The 2025 Portland Thorns are focused on playing with joy. It’s hard to imagine anyone on the pitch who embodies that quality more than Hina Sugita: smile on her face, dancing around defenders, fanning cool air on her teammates in the halftime locker room during a sweltering match against Club América Feminil in May.
Yet when she arrived in the United States from Kobe, Japan, three years ago, she wondered how she would cross the cultural and language barriers.

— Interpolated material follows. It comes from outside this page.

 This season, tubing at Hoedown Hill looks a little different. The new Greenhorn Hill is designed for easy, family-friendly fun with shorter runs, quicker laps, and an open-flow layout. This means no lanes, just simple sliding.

“I wanted to express my color, and I wanted to express my play style,” Sugita tells WW, speaking through a translator. “I wanted to have people understand how I play.”
Message delivered.
Sugita is now a key feature of Portland’s midfield, known for smooth passing, dancing with the ball at her feet, and then tracking back to intercept the ball on defense.

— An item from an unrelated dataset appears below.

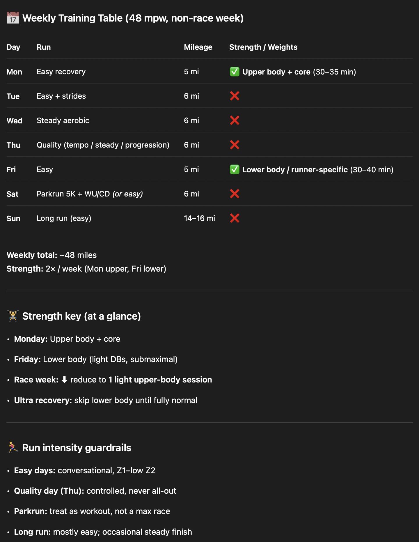* Non-running: more focus on upper body/strength/weight lifting

In the locker room, she’s just as charming. She brings back little gifts for her teammates from her excursions: fresh strawberries from the Portland Farmers Market, or hair sticks from an offseason trip to Japan for the claw clip-loving Coffey.
“She’s a terrific character,” Thorns head coach Rob Gale says. “Everybody enjoys Hina’s presence on the field, off the field. She loves her football. We love her expressing herself.”
In a year when new players abound, Sugita’s consistency, work rate, and ability to break defensive pressure are invaluable to the Thorns. It certainly doesn’t hurt that this is her fourth year with the club, which has allowed her plenty of time to build relationships at midfield with fellow team staples Sam Coffey, Olivia Moultrie and—over the past two years—Jessie Fleming.
Growing up in Kitakyushu in Southern Japan, Sugita was one of those kids who was raised around soccer players; her dad played, and so did her brother, and so, naturally, she played, too. She was mostly surrounded by boys on the soccer pitch. Sugita wanted to compete. “What really got me into soccer when I first started playing was the competition against boys,” she says. “I didn’t want to lose even though they were physically bigger and faster, and I really enjoyed the battles.”
But that competitive edge—and an assortment of youth soccer accomplishments, including captaining Japan’s U-17 team to its first U-17 World Cup title in 2014 and being named the tournament MVP in the process—didn’t translate into immediate success once she hit the club level.
Sugita started playing with three-time league champion INAC Kobe Leonessa out of high school in 2015 and made only a handful appearances all year. A number of Japan’s national team stars (including eight who were on the country’s 2011 World Cup-winning squad) were based in Kobe at the time, which meant Sugita was competing against her nation’s top talents for minutes at the age of 18.
Kobe valued technical accuracy—down to the minute details. It took Sugita time to adjust.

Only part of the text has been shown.